5.    Look for repeat exposures

Most likely there are people in your life that you will see again and again. Those are the people you should befriend. Work on developing trust and depth where possible. 

I have a friend that used to be a missionary in Bagdad. Once I asked her, “How do you share the gospel over there (in such a hostile place)?”  She answered, “The same way you should be doing it, we go to the same grocer every day, we go to the same shops and build trust with people and then look for opportunities to share Christ.” I was convicted at the simplicity of the suggestion.  Be deliberate and be focused. The apostle Paul operated this way.  He would go to the same marketplace every day. He would go to the same synagogue week after week.

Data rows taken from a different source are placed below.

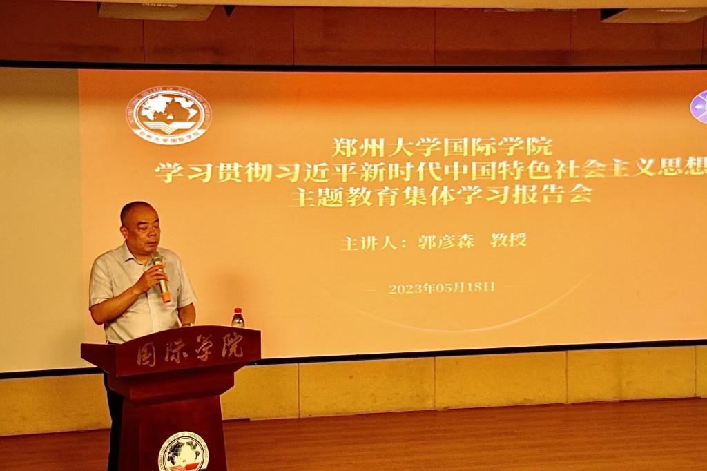 5月18日下午,国际学院在14号楼201教室召开学习贯彻习近平新时代中国特色社会主义思想主题教育集体学习报告会。郑州大学马克思主义学院教授郭彦森以《习近平新时代中国特色社会主义思想的几个重要理论问题》为题,为我院200余名党员教工、学生作专题报告。本次报告会由院党委书记李华峰主持。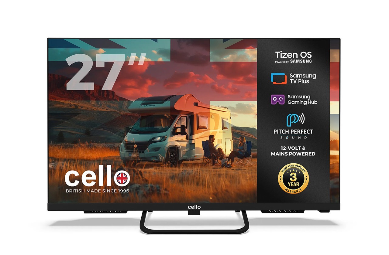 Cello CTRAV-27TZ 27" Smart 12V Traveller TV with Tizen OS by Samsung, Built-in Satellite, Gaming Hub, Pitch Perfect Speakers, Bluetooth, Netflix, UK Made, Ideal for Motorhomes, HGVs & Boats
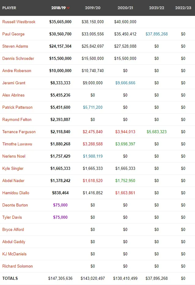 Los Thunder tienen la segunda plantilla más cara de la NBA y el propietario va a tener que dejarse muchos millones en un proyecto que no parecese suficiente como para ganar el anillo.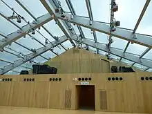 Sir Y.K. Pao Studio Today, Sir Y.K. Pao Studio, sponsored by Dr Helmut Sohmen and Professor Anna Pao Sohmen, serves as a spectacular multi-function room on the second floor of Béthanie. The room was originally a pitched roof with tiles. Due to the limited space, it was later reconstructed with a flat roof. It was not until the restoration project when the distinctive pitch roof was brought back into the design, using double-glazed panels of glass. The studio has a floor area of 21 square metres (230 sq ft) is equipped with wall mirrors, dance bars, glazed windows and other technical facilities and non-permanent seating.[15]

In many places in scripture, sharing the gospel is compared to the work of a farmer. This job includes planting, watering, tending, and then reaping. Many people who talk about evangelism only talk about reaping. But in reality, most of the work that farmers do is NOT reaping. Harvest is a couple of weeks at the end of the season. You should work on planting, watering, plowing in your friendships.

If you are going to survive in this kind of endeavor, you will need to take the long view. Pray for reaping, but don’t worry about it, and don't rush it. Take your time, pray and trust God.

6.    Eat with people

This suggestion is so simple it may seem like a shock. Be like Jesus! He ate with all kinds of people. You are going to eat anyway. And so are they. Look for opportunities to share a meal. Invite people into your home and into your life to get to know them.  This can be a very easy way to learn more about someone’s life and story. My wife and I have even done this when homeless people ask for food. If I have time I will tell them I will be happy to buy them a meal if they will eat it with us so we can talk. This pretty quickly weeds out the scammers vs. those truly in need. It also provides a chance to do something more important than throwing money at a problem.

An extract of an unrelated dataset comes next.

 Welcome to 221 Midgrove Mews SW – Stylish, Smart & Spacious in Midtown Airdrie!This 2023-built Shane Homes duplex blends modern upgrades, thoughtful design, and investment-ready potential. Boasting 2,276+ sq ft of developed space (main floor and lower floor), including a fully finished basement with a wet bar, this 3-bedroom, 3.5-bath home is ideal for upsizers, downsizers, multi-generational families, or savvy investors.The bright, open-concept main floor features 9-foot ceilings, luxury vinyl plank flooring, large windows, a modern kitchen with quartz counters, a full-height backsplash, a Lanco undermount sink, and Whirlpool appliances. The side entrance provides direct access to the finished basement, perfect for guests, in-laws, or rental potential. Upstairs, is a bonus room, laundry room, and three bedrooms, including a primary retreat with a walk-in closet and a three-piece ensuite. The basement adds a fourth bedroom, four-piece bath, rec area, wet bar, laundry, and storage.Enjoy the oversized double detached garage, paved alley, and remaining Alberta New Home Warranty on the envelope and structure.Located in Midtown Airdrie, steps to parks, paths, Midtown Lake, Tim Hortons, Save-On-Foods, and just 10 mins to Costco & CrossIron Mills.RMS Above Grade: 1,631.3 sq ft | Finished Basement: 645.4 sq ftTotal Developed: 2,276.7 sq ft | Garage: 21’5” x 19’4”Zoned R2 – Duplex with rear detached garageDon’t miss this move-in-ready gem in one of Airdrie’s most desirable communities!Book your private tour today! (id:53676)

7.    Ask Questions and listen!

This is very much like Jesus! The book “Questioning Evangelism” by Randy Newman shows the way that Jesus used questions in his ministry.  He was always asking questions! Scholars estimate that he asked hundreds of questions. One author says the number is “307.” The occasions where Jesus is interacting without the use of questions is certainly the exception.

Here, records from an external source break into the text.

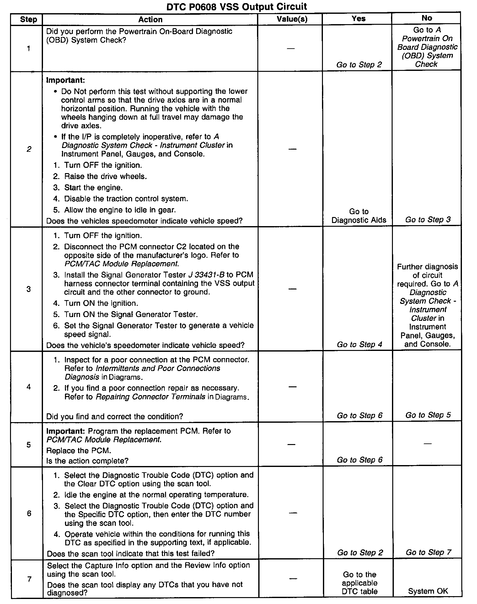 A voltage is supplied to the Vehicle Speed Output circuit. The PCM creates the Vehicle Speed Output signal by pulsing the circuit to ground at a predetermined hertz rate. The PCM pulses the circuit at the same rate as the VSS input signal. The PCM monitors the voltage on the Vehicle Speed output circuit. If the PCM determines the voltage is out of the normal operating range, a DTC sets.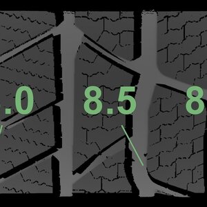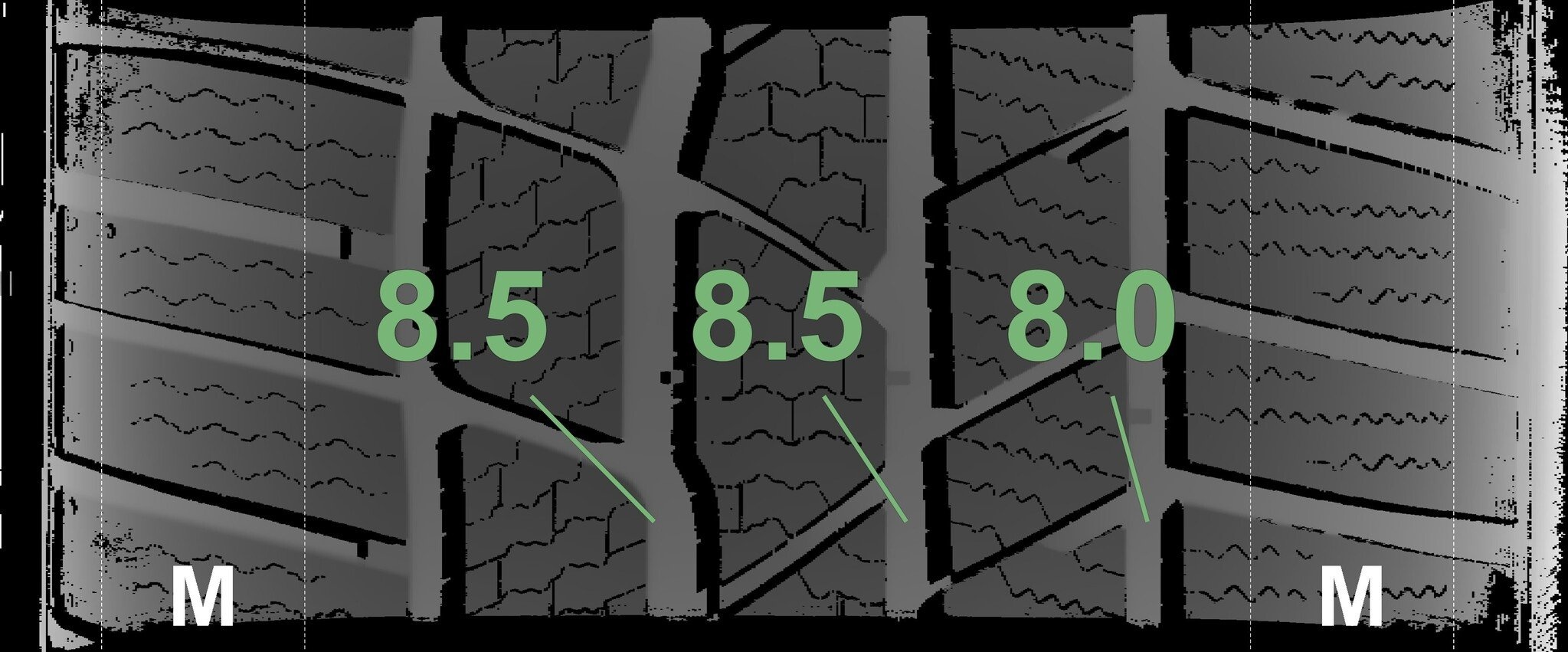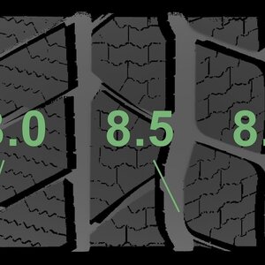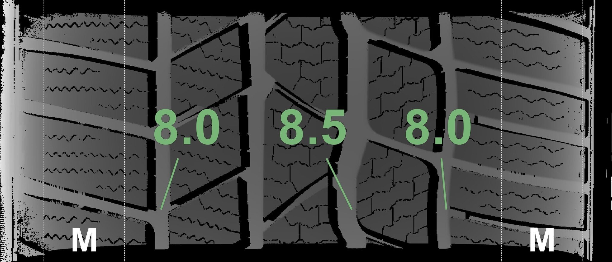 De gemeten profieldieptes en de details van de velgen zijn hierboven weergegeven.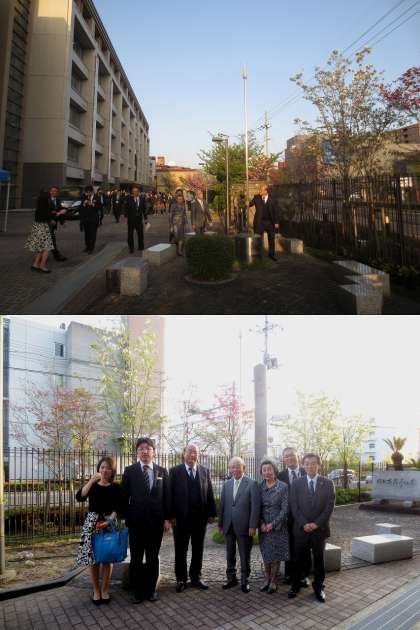 先生は平成21年に「京都賞」を受賞なさった際に,本校において中学・高校生に対して記念講演を行って下さいました。その折に準備や当日の進行に当たった生徒実行委員の働きぶりをお褒め下さり,生徒たちへの激励になればと,翌22年,このオブジェをメモリアルガーデンに設置して下さったものです。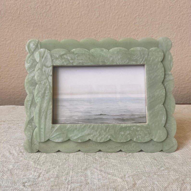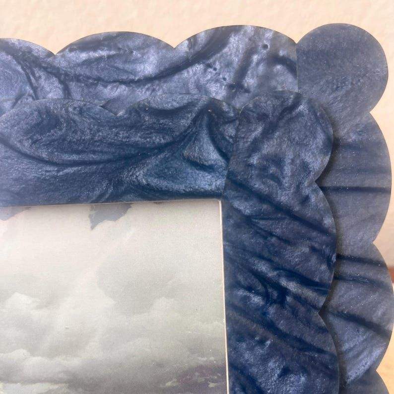 Cadre photo décoratif mural fait main en résine à texture de marbre bleu
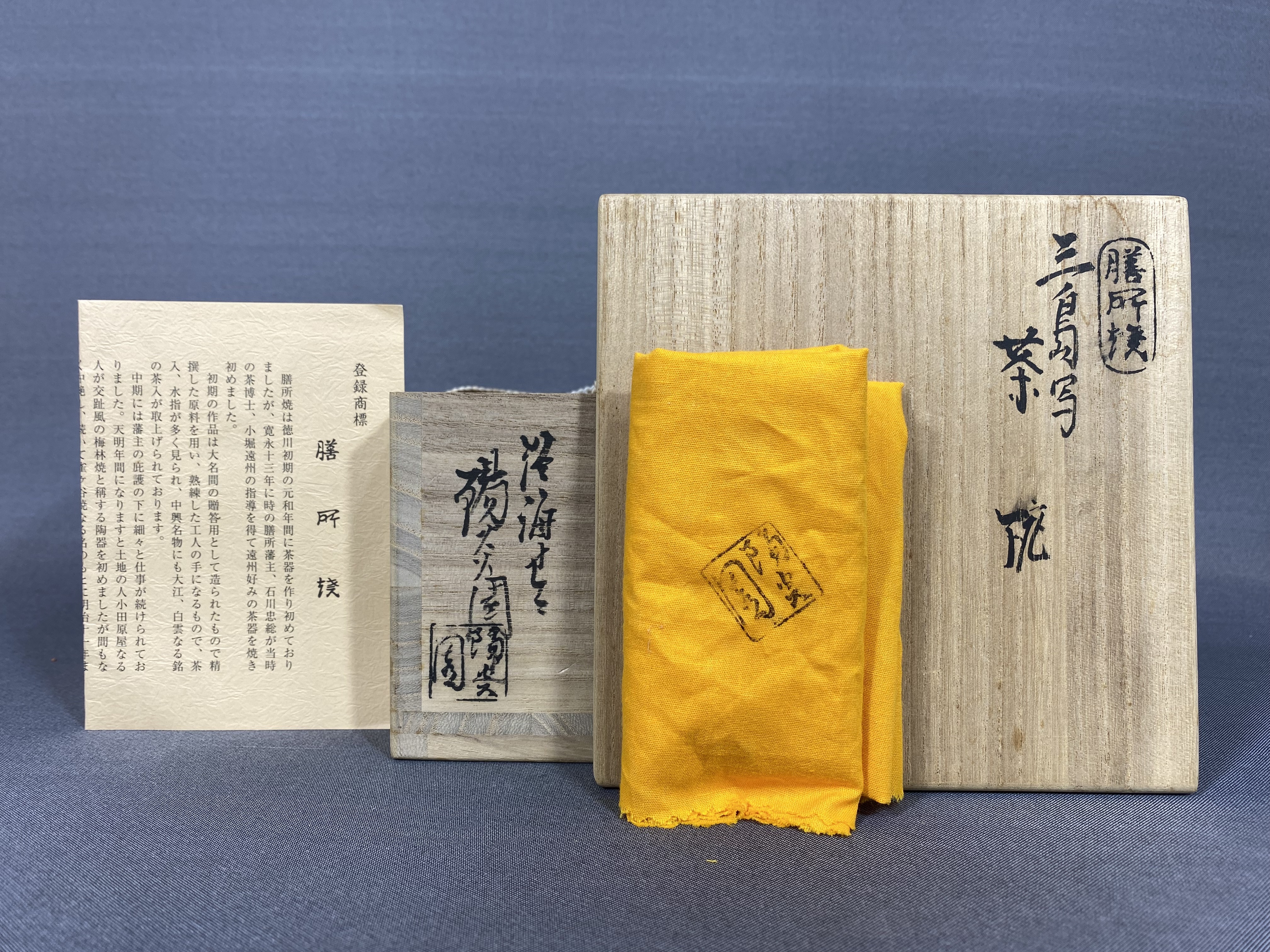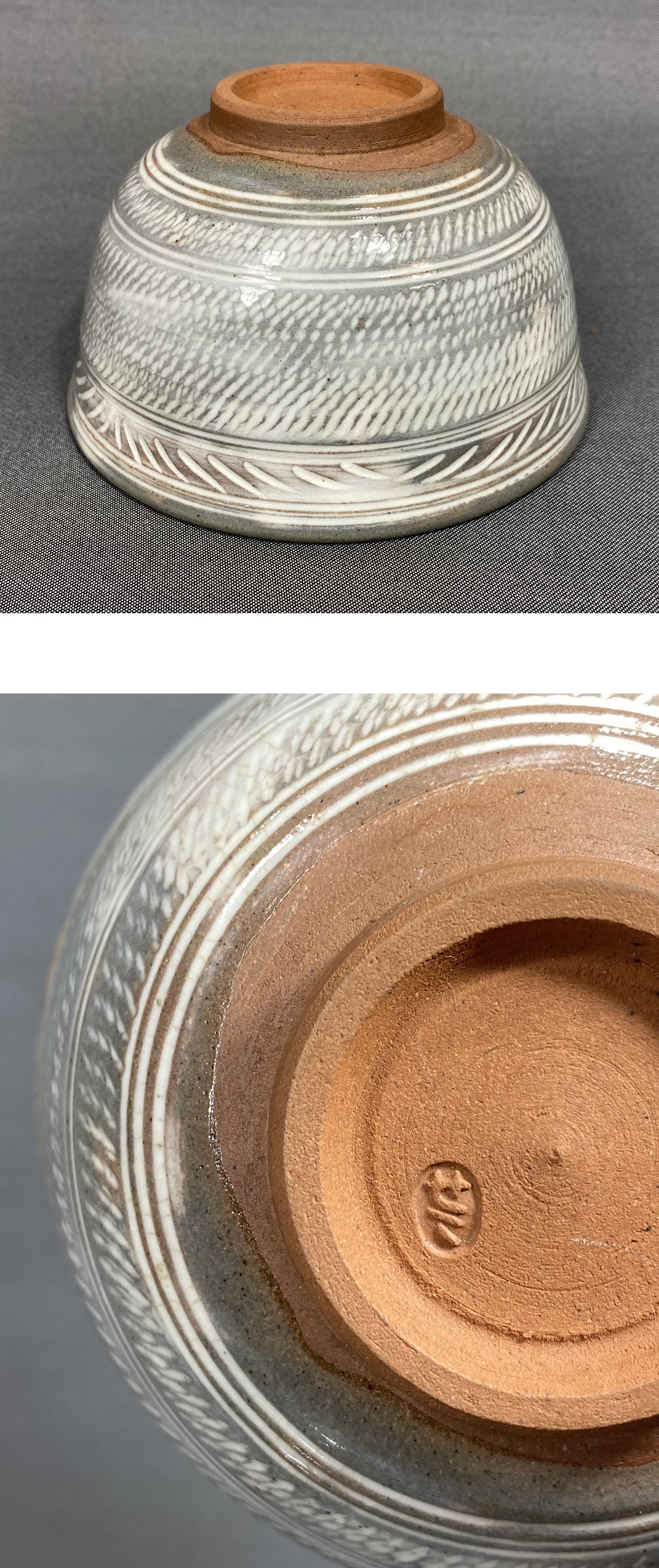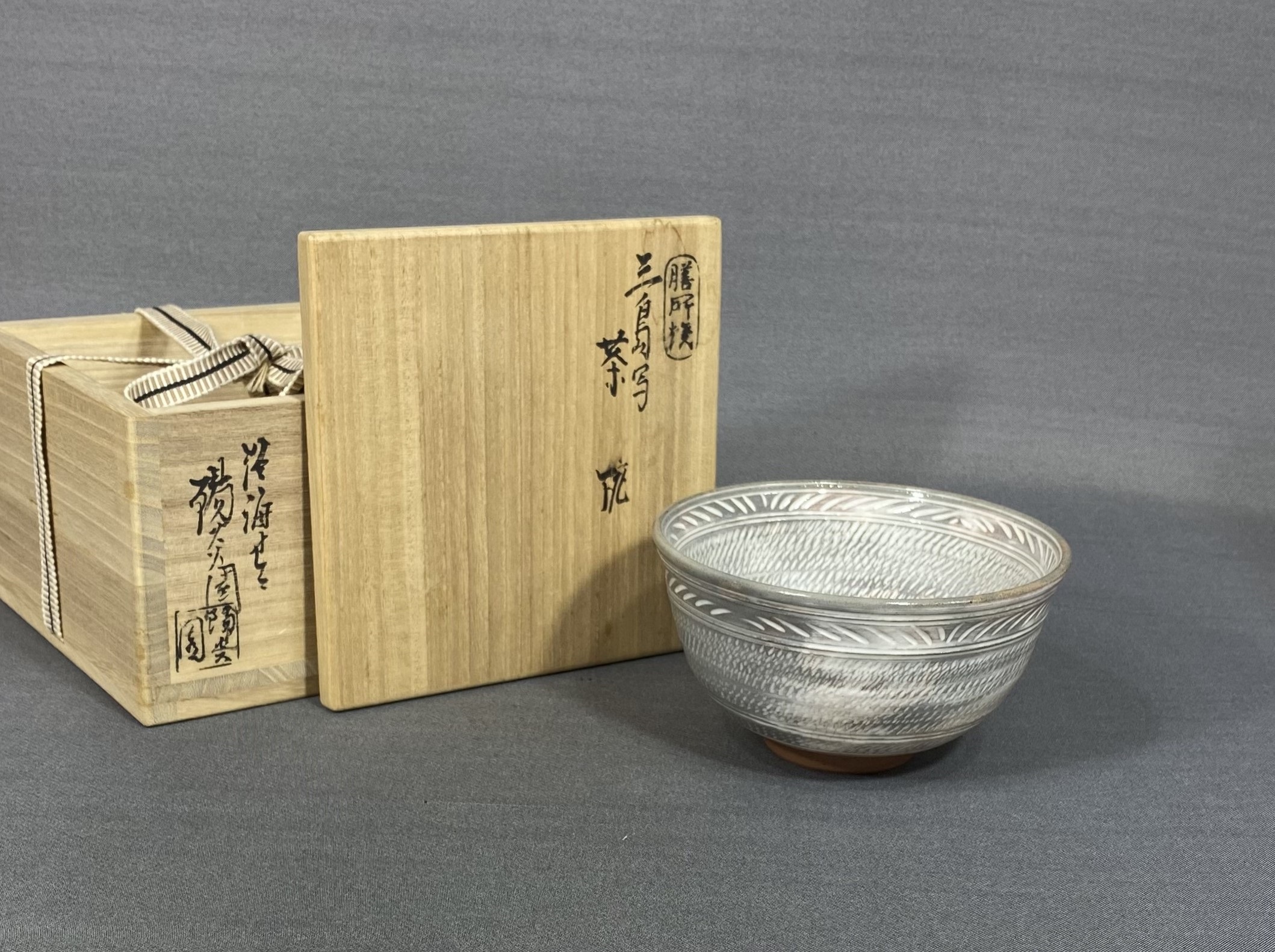 【風車】膳所焼 陽炎園 岩崎新定 造 三島写 茶碗▲共箱 共布 栞/陶歴▲遠州七窯 茶道具 未使用 煎茶道具 煎茶碗 收藏

When we ask questions several important things can happen, IF we ask sincerely, and IF we care enough to listen to the answer. First, it shows a degree of humility. It says “I care about you.” Second, it helps you to understand the person. And if you work at this, you will find that people are truly interesting! Third, The right kinds of questions can be disarming. Even in conflict questions can help to lower a person’s sense of threat.  Finally, good questions can help people come to grips with what they already believe. In my experience, the right question can bring someone to wrestle with their own beliefs, perhaps for the first time. I have found this true in casual settings as well as “formal” events like street evangelism. 

8.    Look for Common Ground

We all have common experiences, common spaces, and common interests. This is one of the best ways to connect.  People are often willing to open up based on their hobbies, their reading interests, place of birth, favorite cuisine, their sports team, etc. 

One of the greatest areas of common ground is found in our weaknesses and struggles.  We are all sinners.  When Christians paint themselves as “having it all together,” it is not only a lie, it destroys a sense of common ground.  All of us have had times where we can’t pay the bills or face an untimely car problem.  So, if you find out that a neighbor is struggling with their teenagers or marriage, one of the best things you can do is talk about your own struggles in similar areas.  This may lead to a very concrete way to talk about a very abstract topic like grace or redemption.

9.    Pray

This is not an afterthought. This is one of the most important things, and we should do it at the beginning, middle and end of the process. Why? Because God is the one who changes hearts.